In der Begriffsnutzung und dem methodischen Zugriff bleibt Schneider dem ersten Band weitgehend treu. Es wird ein weiter Arbeiter-Begriff gewählt, der weibliche Arbeitskräfte, Landarbeiter, Tagelöhner etc. miteinschließt. Der Zugriff ist in erster Linie ein sozialgeschichtlicher, der allerdings um politik- und alltagsgeschichtliche Methoden ergänzt wird. Bereits in der Einleitung wird dabei deutlich, dass Schneider äußerst belesen ist und in der Tendenz eher enzyklopädisch bis allumfassend vorgeht anstatt Fragestellungen zuzuspitzen und prägnante Thesen in den Mittelpunkt zu stellen. So werden etwa im Abschnitt "Kontroversen" fast alle jemals zum Nationalsozialismus geführten Debatten aufgeführt und für den Band als bedeutsam herausgestellt.
Das Buch ist in drei Hauptkapitel mit jeweils mehreren Unterkapiteln gegliedert. Der erste Teil behandelt die Einbindung der Arbeiterschaft in den Krieg, der zweite Abschnitt das Alltagsleben der Arbeiter und der letzte Teil Widerstand in Exil und Illegalität. Die Problematik des enzyklopädischen Vorgehens zeigt sich sehr deutlich im ersten Unterkapitel des ersten Kapitels, in dem die Rolle der Arbeiter in der Wehrmacht auf mehr als achtzig Seiten untersucht wird. Auf der Mehrzahl der Seiten erfährt der Leser jedoch nichts über die Spezifik des Verhaltens von Arbeitern sondern erhält einen informierten Ablauf des Kriegsgeschehens dargeboten, wie man ihn in vielen anderen Publikationen lesen kann. Letztlich kann Schneider vor allem zeigen, dass Arbeiter oft mehr als 50 % der Soldaten einer Einheit stellten und ihr Anteil an den Teilnehmern von Offizierslehrgängen zwar gegenüber der Vorkriegszeit langsam anstieg, aber Arbeiter bis Kriegsende erheblich unterrepräsentiert blieben.

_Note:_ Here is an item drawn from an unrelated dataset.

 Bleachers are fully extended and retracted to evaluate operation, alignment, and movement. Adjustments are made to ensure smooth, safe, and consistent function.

Schneider vermag insgesamt kein spezifisches Verhalten der Arbeiter in der Wehrmacht zu erkennen, auch aufgrund nur weniger zur Verfügung stehender Quellen, und folgt deswegen in der Tendenz den alliierten Auswertungen, in denen kein schichtspezifisches Kampfverhalten ausgemacht wurde. Die letzteren Ergebnisse und Einschätzungen sind für den Band sicherlich bedeutsam; sie hätten allerdings ohne allzu großen Verlust auch auf zehn Seiten präsentiert werden können. Rechtfertigen lässt sich die Länge nur, wenn man davon ausginge, dass ein breiteres und wenig vorgebildetes Publikum das Buch läse, doch angesichts eines Preises von fast 100 Euro und einer Länge von 1.500 Seiten dürfte dies eher nicht zu erwarten sein.

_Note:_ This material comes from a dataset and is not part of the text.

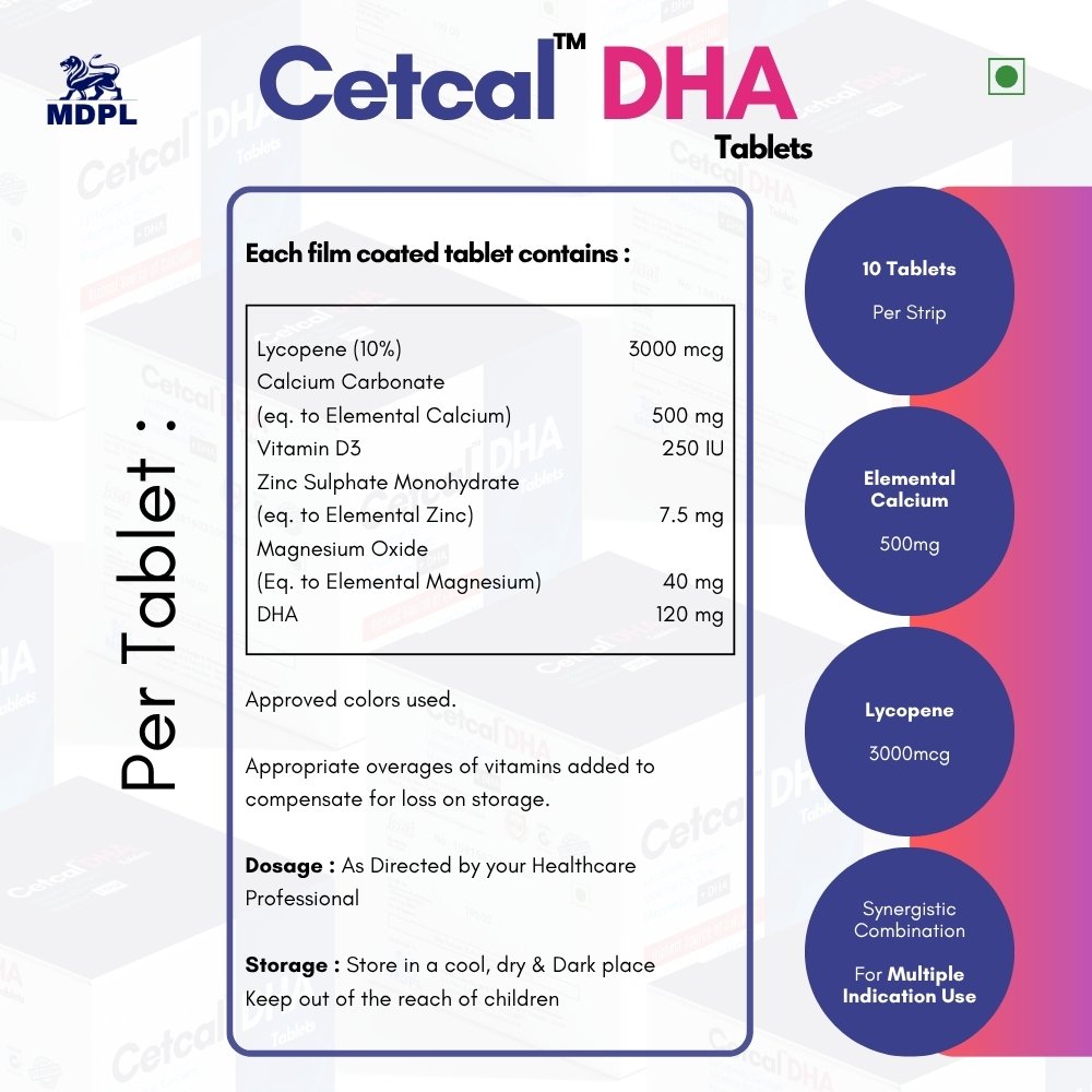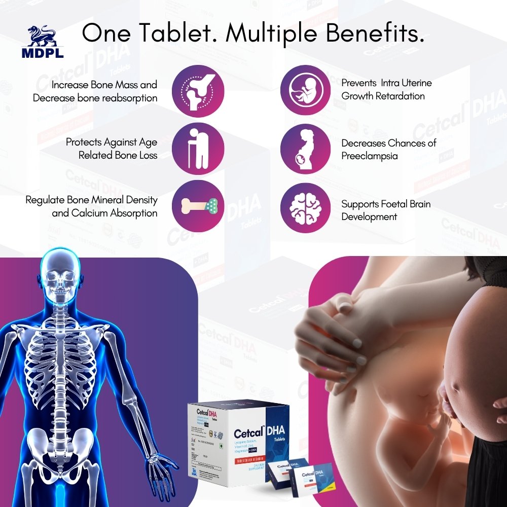 Cetcal DHA is a specialised maternal and bone health supplement combining six clinically relevant ingredients to support foetal neural development, prevent intrauterine growth restriction, maintain maternal bone density, and provide antioxidant protection — making it one of the most prescribed pregnancy nutrition supplements in India.

Ähnliche Probleme prägen auch die anderen fünf Unterkapitel des 1. Teiles. Ob es um Arbeitseinsatz, Erziehung, Sozialpolitik oder Terror geht, Schneider analysiert das Thema zumeist in toto und die Frage nach der Spezifik hinsichtlich der Arbeiterschaft wird nur an einzelnen Stellen ausgeführt. Dies hat Nachteile für eine stringente Argumentation. Der Vorteil ist gleichzeitig, dass Schneider damit einen aktuellen und informierten Überblick zu vielen Fragen der Gesellschaftsgeschichte des nationalsozialistischen Deutschlands im Krieg gibt und das Buch so als gutes Nachschlagwerk hilfreich sein kann.

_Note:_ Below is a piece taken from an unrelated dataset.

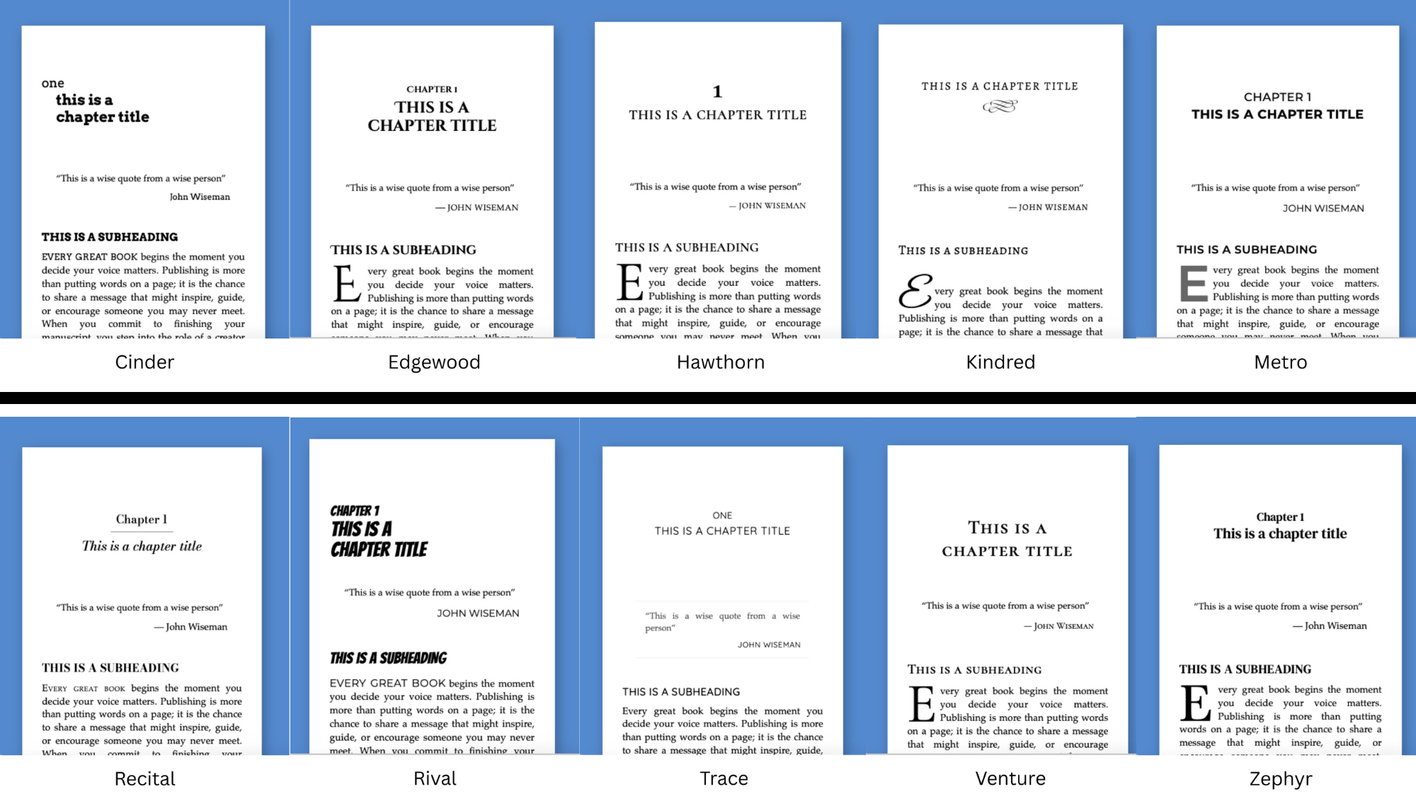 Even great manuscripts can look less polished without proper formatting—which is where we step in to help. We bring traditional-publisher design quality to self-publishers at a simple flat rate, making professional formatting accessible to every author.

Die beiden folgenden Teile des Buches sind dagegen deutlich mehr auf Arbeiter und Arbeiterbewegung zugeschnitten, was zu einem stärkeren roten Faden beiträgt. Der 2. Teil ist überschrieben mit "Arbeiterleben im Krieg" und untersucht die Bereiche Betrieb, Haushalt, Freizeit und Stimmung. Sie sind von deutlich größerer Bedeutung für die Forschung, weil Schneider hier Überblicke zu Themen vorlegt, für die es im Gegensatz zum ersten Teil keine vergleichbaren, publizierten Texte gibt. Hinsichtlich des Betriebs-Bereichs muss Schneider konstatieren, dass stichhaltige Ergebnisse bisher vor allem zu den Großbetrieben vorliegen. Hier zeigt sich, dass die propagierte Betriebsgemeinschaft durch hohe Fluktuation, den zunehmenden Einsatz ausländischer Zwangsarbeiter sowie strikte Hierarchien mit der Realität wenig zu tun hatte und stattdessen die Vereinzelung der Arbeiter zunahm. Beendet wird der zweite Teil durch eine umfassende Erörterung, inwieweit der "Volksgemeinschafts"-Begriff sinnvoll für die Beschreibung des Verhaltens der Arbeiterschaft im Krieg ist. Schneider kommt hier zu dem Ergebnis, dass "Volksgemeinschaft" bei den Arbeitern als Verheißung durchaus funktionierte und im Anschluss an Alf Lüdtke stellt er fest, dass die Mehrzahl der Arbeiter sich im Zweifelsfall immer für das "Mitmachen" entschied. Gleichzeitig betont er aber, dass dies nicht den Blick auf den auch im Krieg vorhandenen Terror gegenüber den Arbeitern sowie die nach wie vor bestehende Klassengesellschaft verstellen sollte. So kommt er zum Schluss: "Von daher gehören 'gefühlte Volksgemeinschaft' und 'verschleierte Klassengesellschaft' zusammen wie zwei Seiten ein und derselben Medaille." (893)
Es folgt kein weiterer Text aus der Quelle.